Leaders have to encourage experimentation. This means allowing people to try new things and to also get them wrong.
A “right first time” attitude will kill innovation. Experimentation is about making mistakes and learning from them. As Thomas Edison said, “I have not failed. I’ve just found 10,000 ways that don’t work.”
Reward and recognition
Recognise and reward those who are pushing the envelope and trying new things.
Recognition can be a verbal acknowledgement. Reward can be a couple of movie tickets or retail vouchers.
Innovation and experimentation should be honored.
Allow and celebrate setbacks
Setbacks are part and parcel of innovation. Every setback is a step nearer to success, so they should be celebrated as a learning opportunity. Analyse what went wrong and how to make it better.
Autonomy
Leaders have to provide autonomy for employees to innovate in their own way. Micro-management is another killer of innovation.
Risk
Waiting until you have all the facts and data will not lead to innovation. Dee Hock, founder and former CEO of VISA said:
Making good judgements and acting wisely when one has complete data, facts and information is not leadership. It’s not even management. It’s bookkeeping. Leadership is the ability to make wise decisions, and act responsibly upon them, when one has little more than a clear sense of direction, proper values, and some understanding of the forces driving change.

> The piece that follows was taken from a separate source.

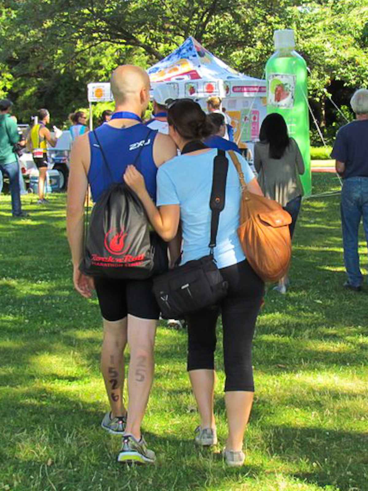 What does one do right after finishing his first triathlon? Go straight for the food, of course.

It requires true leadership. It requires those who can go before and show the way. It requires educing the inherent integrity and virtue that lies within everyone waiting to be aroused and brought into play.”[1]
There has to be an element of acceptable risk in order to enable innovation.
Hiring
When hiring, leaders should seek out the innovators. These are the people who are intellectually curious. If they are asking questions about the organisation and probing deeper than the information available on the company website, it is likely that their curiosity will continue once they have been hired.
Ask potential candidates to give examples of when they have experimented and come up with innovative ideas.
Everyone’s business
Innovation is everyone’s business. Leaders need to make innovation an integral part of every employee’s job. Innovation does not happen behind a closed door with an Innovation Lab sticker on it.
Innovation often happens with the people working closest to the opportunity. The retail worker, the call center operative, the brick layer, the train driver etc. These are the people who, when encouraged to think creatively, will come up with innovative ideas for improvement.